Kim JY, Lim DM, Moon CI, Jo KJ, Lee SK, Baik HW, Lee KH, Lee KW, Park KY, Kim BJ - J. Korean Med. Sci. (2010)

Bottom Line: After pretreatment of Ex-4, GLP-1 receptor agonist, flow cytometric analysis shows 41.7% reduction of β-cell apoptosis.Also, Ex-4 treatment decreased GSK3β activation, JNK phosphorylation and caspase-9, -3 activation and recovered the expression of insulin2 mRNA in β-cell lines and secretion of insulin in human islet.These results suggest that Ex-4 may protect β-cell apoptosis by blocking the JNK and GSK3β mediated apoptotic pathway.

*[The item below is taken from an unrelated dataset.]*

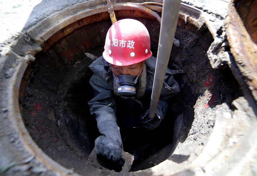 【“地下”工作者们】4月下旬的阜城,很多人都换上了夏装。有这么一群人,他们身披密不透风的橡胶衣、头盖安全帽、脸上罩着防毒面具,日日与又脏又臭的窨井相伴,为各条道路的下水道清除淤泥杂物,保障城市下水道的畅通,他们就是下水道清淤工人。图为李来友和队友们不断地在只能容下一人爬行的井口和管道中上下穿梭,疏通着城市的排水道。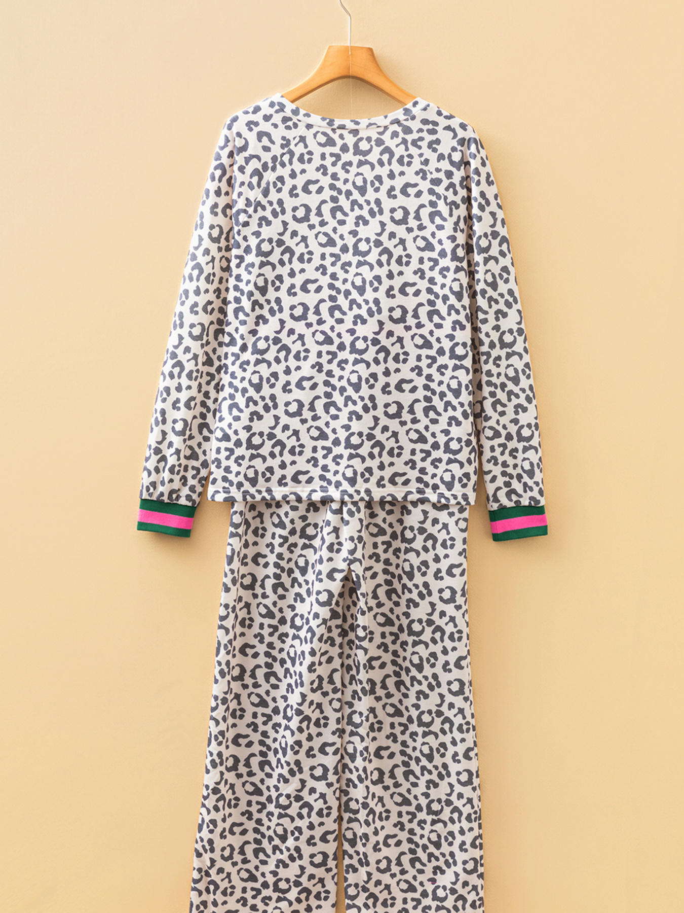 V Neck Leopard Long Sleeve Top Striped Webbing Patchwork Drawstring Pant Set

View Article: PubMed Central - PubMed

Affiliation: Division of Endocrinology and Metabolism, Department of Internal Medicine, Konyang University School of Medicine, Daejeon, Korea.

ABSTRACT
Oxidative stress induced by chronic hyperglycemia in type 2 diabetes plays a crucial role in progressive loss of β-cell mass through β-cell apoptosis. Glucagon like peptide-1 (GLP-1) has effects on preservation of β-cell mass and its insulin secretory function. GLP-1 possibly increases islet cell mass through stimulated proliferation from β-cell and differentiation to β-cell from progenitor cells. Also, it probably has an antiapoptotic effect on β-cell, but detailed mechanisms are not proven. Therefore, we examined the protective mechanism of GLP-1 in β-cell after induction of oxidative stress. The cell apoptosis decreased to ~50% when cells were treated with 100 µM H(2)O(2) for up to 2 hr. After pretreatment of Ex-4, GLP-1 receptor agonist, flow cytometric analysis shows 41.7% reduction of β-cell apoptosis. This data suggested that pretreatment of Ex-4 protect from oxidative stress-induced apoptosis. Also, Ex-4 treatment decreased GSK3β activation, JNK phosphorylation and caspase-9, -3 activation and recovered the expression of insulin2 mRNA in β-cell lines and secretion of insulin in human islet. These results suggest that Ex-4 may protect β-cell apoptosis by blocking the JNK and GSK3β mediated apoptotic pathway.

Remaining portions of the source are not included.